LDO bypass should be enabled, but kernel still hangs later on at the same point.

0 Kudos
Reply

5,602 Views
simonlocke
Contributor III

Hi Angelo,

Looks like maybe its not working. However, I'm not sure you should be modifying all four of the control regs in sequence (Value, Set, Clear & Toggle). You probably only want to write to the first register, which is the 'value', as opposed to the set, clear & toggle.

I appreciate about an older uboot. We were using a 2015-04 until recently when we moved our whole code base up to the latest. However, looking in that version I have found the relevant functions:

https://source.codeaurora.org/external/imx/uboot-imx/tree/arch/arm/cpu/armv7/mx6/soc.c?h=nxp/imx_v20...

This shows the 3 functions to switch over to LDO mode safely. Presumably, there should also be the ldo_mode_set function in your board specific source code?
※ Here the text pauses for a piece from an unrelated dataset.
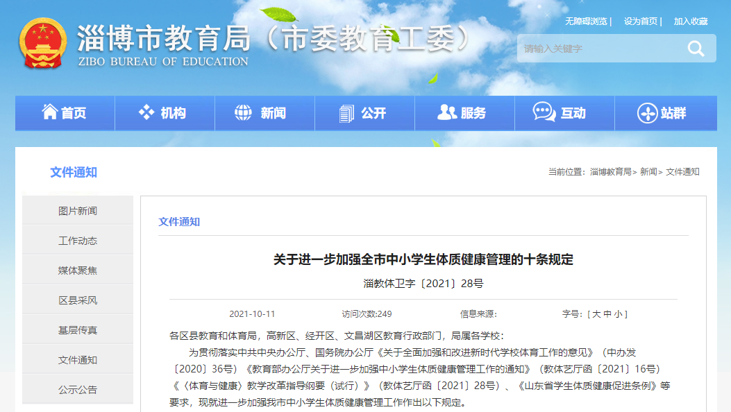 各区县教育和体育局,高新区、经开区、文昌湖区教育行政部门,局属各学校:为贯彻落实中共中央办公厅、国务院办公厅《关于全面加强和改进新时代学校体育工作的意见》(中办发〔2020〕36号)《教育部办公厅关于进一步加强中小学生体质健康管理工作的通知》(教体艺厅函〔2021〕16号)《〈体育与健康〉教学改革指导纲要(试行)》(教体艺厅函〔2021〕28号)《山东省学生体质健康促进条例》等要求,现就进一步加强淄博市中小学生体质健康管理工作作出以下规定。一、开齐开足上好体育课。各区县、学校要严格落实国家、山东省中小学课程方案要求,持续加强学校体育课程刚性管理,严格落实体育课程表网上公示、临时调课书面审批等制度,严禁出现削减、挤占甚至学期末提前停上体育课现象,保质保量上好体育课。深化体育教学改革,强化“教会、勤练、常赛”,构建科学、有效的体育与健康课程教学新模式,帮助学生掌握1至2项运动技能。推动小学、初中、高中体育课程一体化建设,在原有按“行政班级授课制”完成必修必学内容学习的基础上,小学高年级可增加学生的自主选择性,选择自己喜爱的运动项目进行学习,有条件的学校可采用“体育选项走班制”组织教学;初中丰富完善“体育选项走班制”的组织形式,提高学生的参与兴趣,加强必修选学内容的学习;高中以“体育选项走班制”为主,通过社团等组织形式,满足学生的运动兴趣和专项化发展需求。二、保障充足体育锻炼时间。进一步增加课外体育活动时间,确保中小学生每天在校内校外各参加1小时以上体育锻炼。深入实施阳光体育大课间专项提升行动,落实“中小学每天上午统一安排30分钟的大课间”规定。建立“学生课间走出教室适量活动和放松”的工作机制。规范引导体育社会组织、俱乐部进校园,进一步丰富学校体育社团活动。合理安排体育家庭作业,引导学校通过信息化手段指导、督促学生高质量完成作业。鼓励区县、学校设计家长、学生参与合作的体育家庭锻炼内容。三、面向人人开展体育竞赛。围绕“周周有活动、月月有比赛、人人都参与”的目标要求,整合赛事资源,经常性开展面向人人的体育竞赛,市级每三年举办一届学生运动会,每年举办高水平、专业化的体育竞赛活动,发挥示范引领作用。各区县要积极开展丰富多彩的青少年体育竞赛活动,每年举办学生运动会或体育节。中小学校要广泛开展班级、年级体育比赛,每年至少举办一次全员参与的体育活动和一届综合性运动会,运动项目设置突出集体性、趣味性和教育性,体现本校特色。四、发挥教科研引领作用。建立健全“行政+教研”一体推进学校体育工作管理机制,配强体育专职教研人员。加强教研平台建设,强化体育教研活动,推动体育教师教科研能力的全面提升,更好地推进新时代体育教学改革。完善体育课程和项目“超市”,满足学生多样化、个性化需求,探索构建学校体育校本课程体系。开展“零点体育课”改革试点,形成“一校一品”“一校多品”教学改革特色,提升课堂教学质量。加大对体育教师表彰力度,在教学成果奖等评选表彰中,保证体育教师占有一定比例。五、改善学校体育办学条件。各区县、学校要以抓好学生体质健康管理为契机,结合实际制定实施学校体育教师配备和场地器材建设三年行动计划,全面改善学校体育办学条件,配齐配强学校体育教师,建好满足体育教学和实践活动需求的场地设施、专用教室,配好体育教学所需器材设备,确保2022年全市中小学体育教师配备、运动场地设施器材建设达标。六、加强学生体质健康监测。全面学习贯彻落实《山东省学生体质健康促进条例》,依法推进学生体质健康促进工作。各区县教育行政部门要建立本区县学生体质健康促进中心,配齐配强学生体质健康专业队伍,完善常态化跨区域沟通交流机制,强化“行政、科研、教学、服务”一体化统筹作用,逐步形成各具特色、优势互补的体质健康提升新模式。加快推动体质健康测试自动化、信息化建设,实现学生体质健康大数据分析和精准指导。持之以恒地开展《国家学生体质健康标准》班班达标活动,认真落实面向全体学生的体质健康测试制度和抽查复核制度,准确建立学生体质健康档案,研判学生体质健康动态趋势,建立完善“监测—评估—反馈—干预—保障”闭环体系。七、完善体质健康评价考核机制。把体质健康管理工作纳入市对区县政府履行教育职责评价指标体系,对学生体质健康水平连续2年下降的区县,评价结果降低一个等级予以认定。将体质健康成效纳入学校、班主任、体育教师的评价体系,将评价导向从教师教了多少转向教会了多少,从完成课时数量转向教育教学质量。改革完善初中体育科目学业水平考试办法,建立“运动参与+体质健康测试+运动技能测试”的评价机制,探索将运动技能纳入过程性评价,提高体育中考分值占比。八、完善家校社联动发展机制。学校要健全家校沟通机制,通过家长会、家长信、家访等形式定期邀请专家开展线上、线下体质健康培训,及时将学生的体质健康测试结果和健康体检结果反馈家长。鼓励体育社会组织通过亲子活动、空中课堂等方式加强对中小学生体育锻炼的指导,逐步形成家庭、学校、社会联动,校内外覆盖的学生课外体育锻炼体系。协调好

You could just make that call the three LDO bypass functions directly.

We will in the background continue to research this issue, and do hope to fully resolve it. Any more info I get on it I will post here.

Anyway, we now have a work around for our first 3 issues, and we've found the solution to the 4th issue, which I am posting for other people to know about:

https://community.nxp.com/message/1169957

0 Kudos
Reply

5,602 Views
simonlocke
Contributor III

Hi Angelo,

I have sympathy for your frustration!

We've been investigating some very similar issues with a custom iMX6SX board, where we are using 4.14.78. We previously used 4.1.15 with no issues on a very similar board. Now we want to move to a later kernel and have had 4 different issues that cause the A9 Linux to freeze. They are:

  1. Booting with LDO bypass mode not set (we are using a direct power supply, no controlled PMIC)
  2. Enumerating a driver to a PCIe device
  3. Enumerating a driver to a USB device
  4. Booting the M4 coprocessor, then booting Linux

We have also noted that it appears to potentially be something to do with CPU_FREQ or CPU_IDLE, but I have recently noted the following issue: https://community.nxp.com/thread/440575 which references ERR009572 and have begun wondering if this is anything to do with it, as our silicon does appear to be in the matching date code range.

I'm afraid I cannot suggest anything to help, as we are pretty stumped about this issue. I think I may try looking at some of the things you suggest above though.

0 Kudos
Reply

5,602 Views
angelo_dureghel
Contributor III

Hi Simon,

thanks, happy to share the similar issue, but maybe mine, very similar, seems niot the same. I havea  v.1.3 so should not be involved in ERR009572

This is my current analysis, as a facts list:

1) system hang happens while or after entering "wfi" assembly instruction (entering low power mode)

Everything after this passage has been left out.